But not all the blooms are rooted in the earth as fashion continues to rival Mother Nature’s glory with a riot of floral dresses. Indeed, flower prints and embellished floral appliqués represent the most important trend of the season, say Anastasia Cucinella and Debra O’Shea, co-owners of Mary Jane Denzer.

From the office to the cocktail party, women are donning Erdem, whose explosion of black flowers is silhouetted against sexy, sophisticated pastel designs; Marchesa, whose florals cascade from diaphanous ruffles; and Pamella Roland, whose big, bold blooms splash across sweeping skirts. Meanwhile, Valli girls – as in Giambattista – strut their stuff in blossom-decked minis and cropped jackets, and florals climb the layered, fitted creations of Jason Wu. These are just some of the flower-powered designers you’ll find at MJD.

Florals are no longer just for the soft seasons, though. On their recent buying trip to Paris, Cucinella and O’Shea observed that the trend continues strongly through the fall. (Credit designers like Dolce & Gabbana and Prada, who helped introduce florals on dark backdrops for winter several years ago.)

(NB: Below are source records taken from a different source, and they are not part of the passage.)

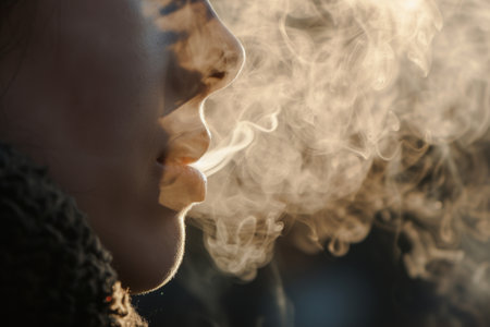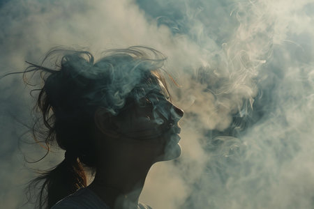 A person's face is obscured by a cloud of smoke. Concept of mystery and unease, as the person's identity is hidden by the smoke. Scene is eerie and unsettling
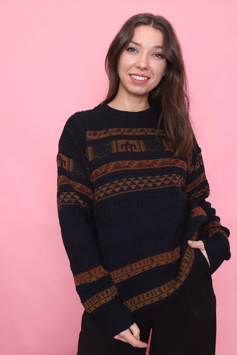 Vintage Navy & Burgundy Half-Zip 1/4 Zip Chenille Knit Jumper
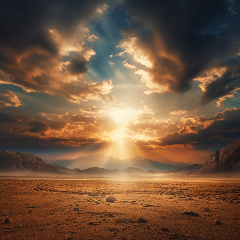 “A realistic photo of the sky in the desert with nimbostratus clouds and the sun peeking through, with sun rays shining out from the clouds. Crisp, clean, and dramatic.”
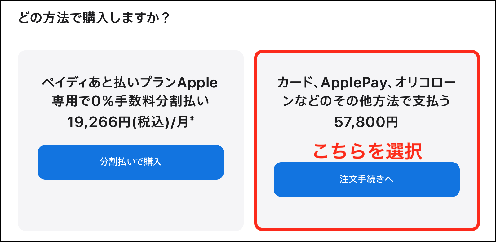 iPad の購入画面で、下の画像の様に 「カード、Apple Pay、オリコローンなどのその他方法で支払う」を選択 されていますでしょうか?
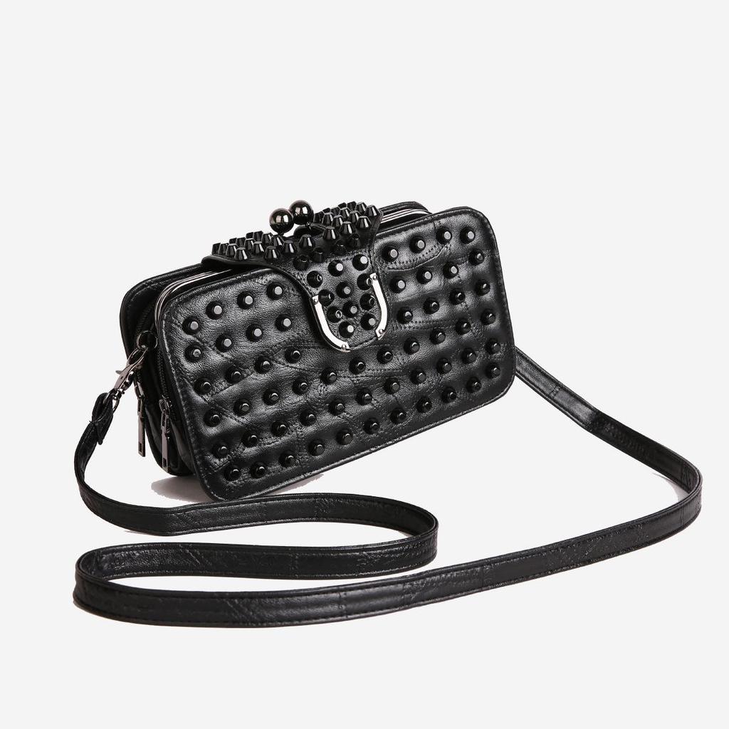 Gothic Style Textured Black Shoulder & Crossbody Bag with Rivets for Women
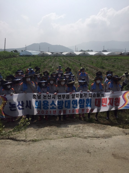 이에 의용소방대연합회 의용소방대원은 연무읍 마산리 소재 양파 재배 농가를 찾아 양파 순자르기, 캐기, 마대 담기 등의 작업을 도왔다.
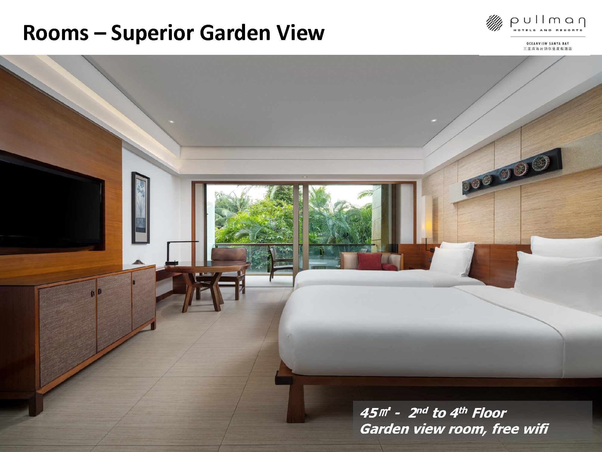 숙소는 세계적인 럭셔리 호텔 브랜드 풀만(Pullman) 브랜드의 '풀만 오션뷰 싼야 베이 리조트 앤 스파'(Pullman Oceanview Sanya Bay Resort & Spa)의 디럭스 오션뷰룸을 제공한다.

The late-year floral finds expression in the work of Peter Pilotto, a 12-year-old English fashion house headed by the Austrian-Italian Pilotto and his partner, the Belgian-Peruvian Christopher De Vos, that’s a new addition to MJD’s roster of couturiers. (The relatively low-profile label made a splash last October with its striking wedding dress for Princess Eugenie, which celebrated her curves and scoliosis scar with a fitted, angular bodice that included a plunging V back.

In a sense, that dress crystallizes the Pilotto style for fall – tailored yet feminine clothes with prominent shoulders, cinched waists and flowing skirts that flirt with the 1940s and range in evocations from Hungarian Zsolnay ceramics to mid-century Pop art.

Autumn leaves drift from these creations. But autumn is blissfully still a dream away and Pilotto’s pre-fall florals, which you’ll find at MJD, are perfect for those summer parties that will soon be filling your calendar.